[Recorded data]
┌──

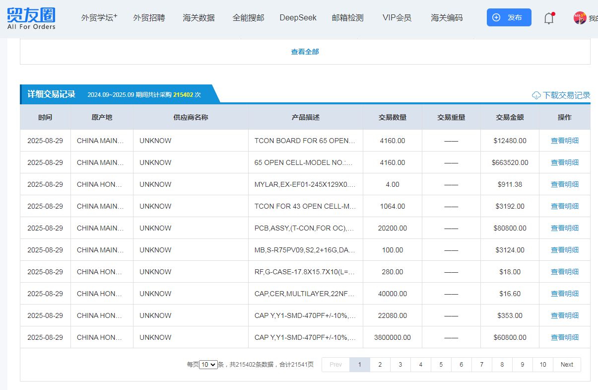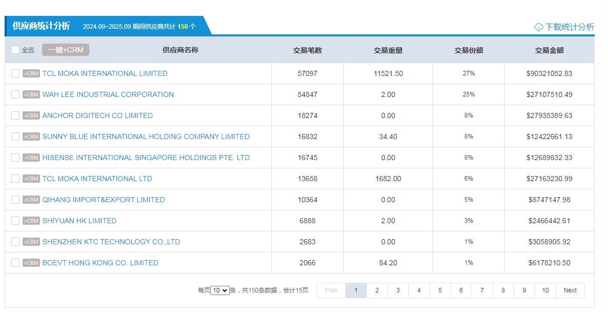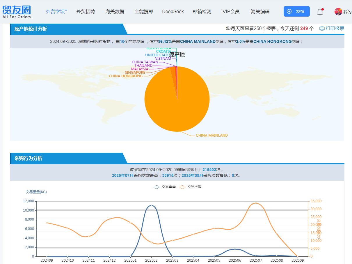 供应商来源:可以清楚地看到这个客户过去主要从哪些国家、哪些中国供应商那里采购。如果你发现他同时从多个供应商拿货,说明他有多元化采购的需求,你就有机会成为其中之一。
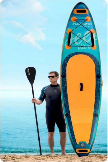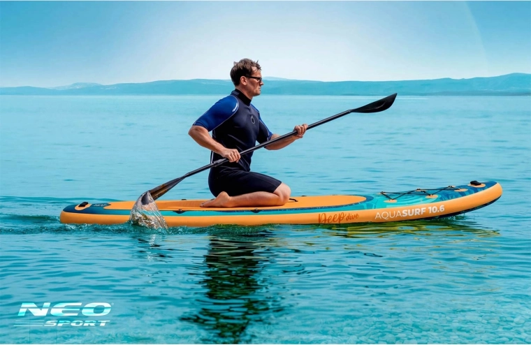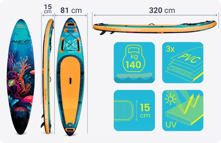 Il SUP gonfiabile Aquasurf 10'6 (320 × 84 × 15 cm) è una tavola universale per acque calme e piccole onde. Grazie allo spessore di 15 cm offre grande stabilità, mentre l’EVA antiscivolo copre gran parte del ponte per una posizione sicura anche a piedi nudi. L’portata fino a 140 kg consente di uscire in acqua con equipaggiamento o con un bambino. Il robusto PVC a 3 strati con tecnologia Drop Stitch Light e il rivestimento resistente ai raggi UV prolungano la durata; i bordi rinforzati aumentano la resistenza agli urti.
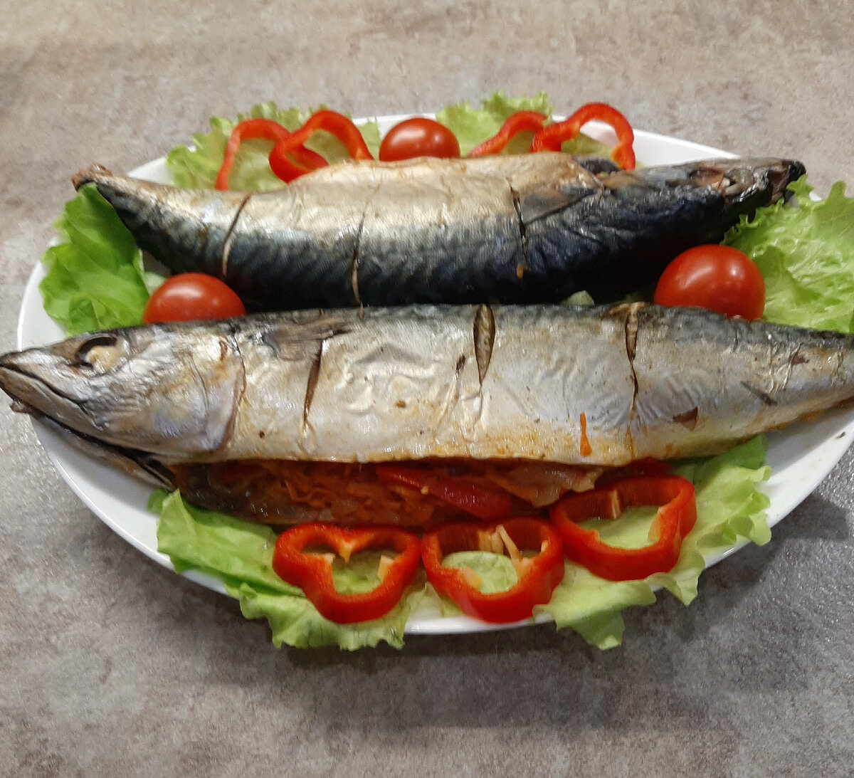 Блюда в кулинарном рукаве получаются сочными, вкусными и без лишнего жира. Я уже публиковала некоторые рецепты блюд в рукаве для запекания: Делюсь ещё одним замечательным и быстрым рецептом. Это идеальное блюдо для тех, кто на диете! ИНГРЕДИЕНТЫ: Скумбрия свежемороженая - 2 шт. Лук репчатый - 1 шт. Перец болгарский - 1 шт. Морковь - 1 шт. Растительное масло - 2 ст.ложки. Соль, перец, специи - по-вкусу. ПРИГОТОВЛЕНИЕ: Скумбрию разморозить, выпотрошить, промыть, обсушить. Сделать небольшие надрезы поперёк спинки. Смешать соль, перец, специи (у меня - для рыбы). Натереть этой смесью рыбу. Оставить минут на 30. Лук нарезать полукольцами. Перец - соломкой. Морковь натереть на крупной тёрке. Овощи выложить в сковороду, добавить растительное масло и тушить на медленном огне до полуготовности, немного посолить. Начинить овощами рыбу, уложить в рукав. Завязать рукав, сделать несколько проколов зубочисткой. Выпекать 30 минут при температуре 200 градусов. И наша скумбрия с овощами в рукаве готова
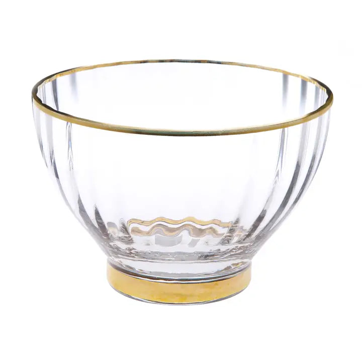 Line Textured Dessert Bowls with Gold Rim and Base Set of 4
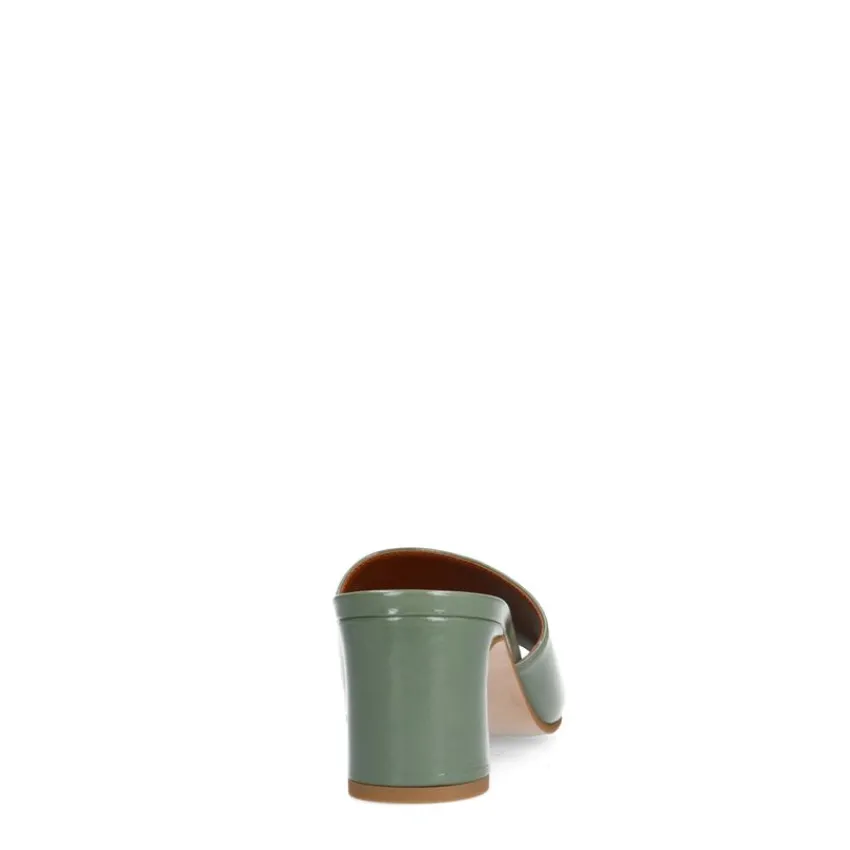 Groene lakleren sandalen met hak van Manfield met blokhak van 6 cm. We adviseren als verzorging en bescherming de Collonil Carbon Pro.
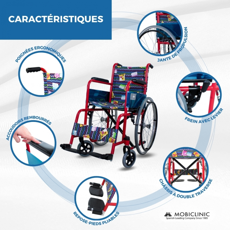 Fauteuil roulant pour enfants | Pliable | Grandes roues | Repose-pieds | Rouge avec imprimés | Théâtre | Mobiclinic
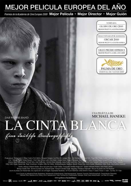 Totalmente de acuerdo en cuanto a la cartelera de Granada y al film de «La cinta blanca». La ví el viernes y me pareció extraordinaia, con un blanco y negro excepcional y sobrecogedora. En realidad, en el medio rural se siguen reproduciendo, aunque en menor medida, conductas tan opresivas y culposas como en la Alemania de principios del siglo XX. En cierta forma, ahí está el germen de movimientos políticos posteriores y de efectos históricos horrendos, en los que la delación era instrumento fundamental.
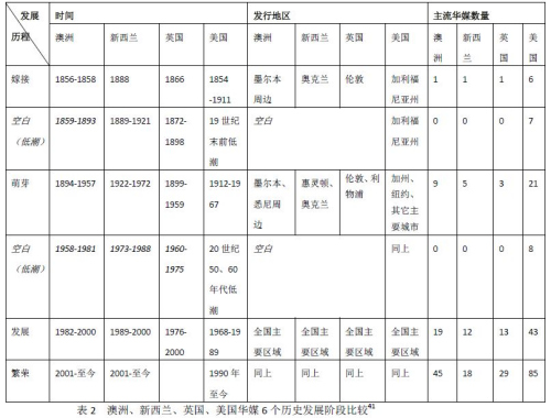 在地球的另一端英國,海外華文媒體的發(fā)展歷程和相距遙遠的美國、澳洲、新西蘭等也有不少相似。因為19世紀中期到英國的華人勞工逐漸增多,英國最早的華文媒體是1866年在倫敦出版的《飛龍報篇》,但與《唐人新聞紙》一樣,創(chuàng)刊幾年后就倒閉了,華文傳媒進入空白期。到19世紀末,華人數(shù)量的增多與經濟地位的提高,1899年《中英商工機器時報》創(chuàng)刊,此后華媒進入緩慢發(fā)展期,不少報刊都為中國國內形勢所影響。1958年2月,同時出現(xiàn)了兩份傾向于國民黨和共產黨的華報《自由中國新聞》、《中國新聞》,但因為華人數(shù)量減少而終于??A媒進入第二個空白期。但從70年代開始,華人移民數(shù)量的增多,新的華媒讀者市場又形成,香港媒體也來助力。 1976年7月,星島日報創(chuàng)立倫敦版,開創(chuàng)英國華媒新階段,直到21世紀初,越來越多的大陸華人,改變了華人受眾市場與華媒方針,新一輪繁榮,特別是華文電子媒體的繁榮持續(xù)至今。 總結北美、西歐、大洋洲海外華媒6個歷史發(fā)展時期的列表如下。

└──

= TASK DESCRIPTION =
Please output, exactly and with no pictures, only the lines from the one containing "Fauteuil roulant pour" through the final line of the records above.

= EXERCISE SOLUTION =
 Fauteuil roulant pour enfants | Pliable | Grandes roues | Repose-pieds | Rouge avec imprimés | Théâtre | Mobiclinic
 Totalmente de acuerdo en cuanto a la cartelera de Granada y al film de «La cinta blanca». La ví el viernes y me pareció extraordinaia, con un blanco y negro excepcional y sobrecogedora. En realidad, en el medio rural se siguen reproduciendo, aunque en menor medida, conductas tan opresivas y culposas como en la Alemania de principios del siglo XX. En cierta forma, ahí está el germen de movimientos políticos posteriores y de efectos históricos horrendos, en los que la delación era instrumento fundamental.
 在地球的另一端英國,海外華文媒體的發(fā)展歷程和相距遙遠的美國、澳洲、新西蘭等也有不少相似。因為19世紀中期到英國的華人勞工逐漸增多,英國最早的華文媒體是1866年在倫敦出版的《飛龍報篇》,但與《唐人新聞紙》一樣,創(chuàng)刊幾年后就倒閉了,華文傳媒進入空白期。到19世紀末,華人數(shù)量的增多與經濟地位的提高,1899年《中英商工機器時報》創(chuàng)刊,此后華媒進入緩慢發(fā)展期,不少報刊都為中國國內形勢所影響。1958年2月,同時出現(xiàn)了兩份傾向于國民黨和共產黨的華報《自由中國新聞》、《中國新聞》,但因為華人數(shù)量減少而終于??A媒進入第二個空白期。但從70年代開始,華人移民數(shù)量的增多,新的華媒讀者市場又形成,香港媒體也來助力。 1976年7月,星島日報創(chuàng)立倫敦版,開創(chuàng)英國華媒新階段,直到21世紀初,越來越多的大陸華人,改變了華人受眾市場與華媒方針,新一輪繁榮,特別是華文電子媒體的繁榮持續(xù)至今。 總結北美、西歐、大洋洲海外華媒6個歷史發(fā)展時期的列表如下。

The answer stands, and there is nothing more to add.